Vacuum tube characteristics
Vacuum tube characteristics (also called tube curves, valve characteristics or valve curves) describe the electrical relationships between electrode voltages and currents in a vacuum tube. These relationships are commonly presented as characteristic curves in tube manuals and engineering references. The curves typically show plate current versus plate voltage for several fixed control-grid voltages, showing how current varies with electrode potentials under controlled conditions. Designers use them to select operating points, determine voltage gain, estimate output power, and construct graphical load-line analyses. Examples of such curves appear in early tube manuals and textbooks and form the basis of classical vacuum-tube circuit design.

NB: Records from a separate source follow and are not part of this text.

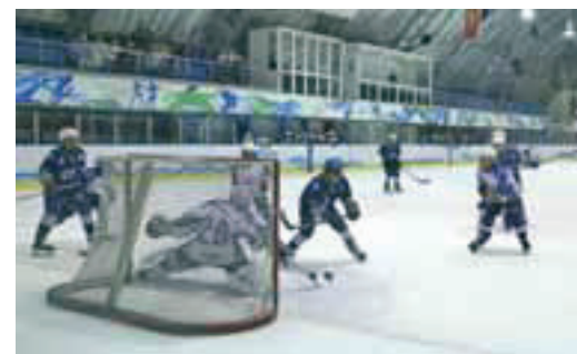
Опасный момент у ворот команды «Юрматы СКА» создали хоккеисты ДЮСШ СК «Юбилейный»

В финале боролись оренбургские «Сарматы» 2005 и 2006 года рождения. Старшие ребята завоевали золотые медали и кубок, младшим досталось серебро. Бронзовые медали выиграла команда ДЮСШ спорт-комплекса «Юбилейный», одержав победу в матче за третье место у гостей из Башкортостана — «Юрматы СКА».
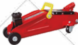
Cód. 101971 GATO HIDRÁULICO CARRETILLA 2 TONELADAS Hasta 2.000kg. De accionamiento hidráulico. Fabricado con mango desmontable para una mayor facilidad en el transporte. Capacidad de carga: 2T. Altura mín.: 140mm. Altura máx.: 340mm. Peso neto: 8,7 kg. 32,50€ + 6,83 IVA = 39,33€
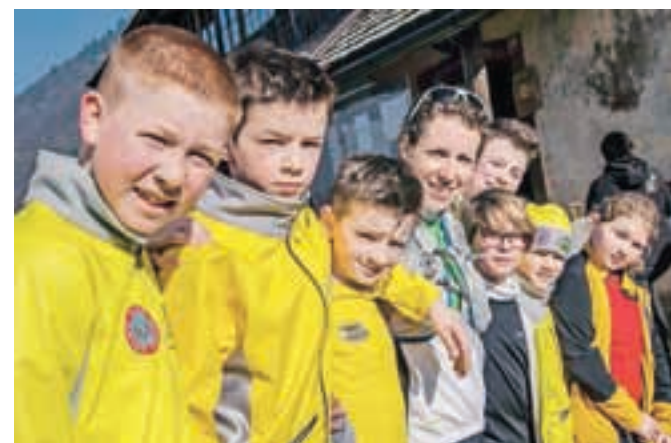
Organizacijo letošnje zimske lige prevzema Klub gorskih tekačev Papež.

Kamnik – Jutri, 29. novembra, se bo začela že 6. zimska liga na Sv. Primoža, ki sta jo pred leti vpeljala Tomaž Cukjati in Sandra Prešern, letos pa jo je pod svoje okrilje prevzel Klub gorskih tekačev Papež. Liga bo trajala vse do 7. marca, petnajst zaporednih sobot, vsakič s startom ob 9. uri izpred Lovskega doma na Vegradu. Do Sv. Primoža se teče ali hodi po cesti naokoli, brez bližnjic, organizatorji pa stavijo na »fair play«, saj si bo vsak udeleženeč čas meril sam. Vpisna knjiga v okrepčevalnici Pri Petru, kamor bo vsak lahko zapisal svoj čas, bo odprta ob sobotah med 9. in 10.30. Za končni rezultat bo štel povprečje desetih najboljših vzponov. J. P.

Different types of vacuum tubes are characterized using plots appropriate to their electrode structure and intended use. Two-electrode devices such as diodes are described primarily by the relation between plate voltage and plate current. Amplifying tubes containing control grids, such as triodes, tetrodes, pentodes, and beam tetrodes, are represented by families of curves measured for different grid voltages. From these families additional parameters such as amplification factor (μ), transconductance (gₘ), and plate resistance (rₚ) may be obtained.
Although these plots are used primarily for circuit design, their shapes arise from the underlying physics of electron flow in vacuum tubes. The physical principles responsible for the observed characteristics are discussed in later sections.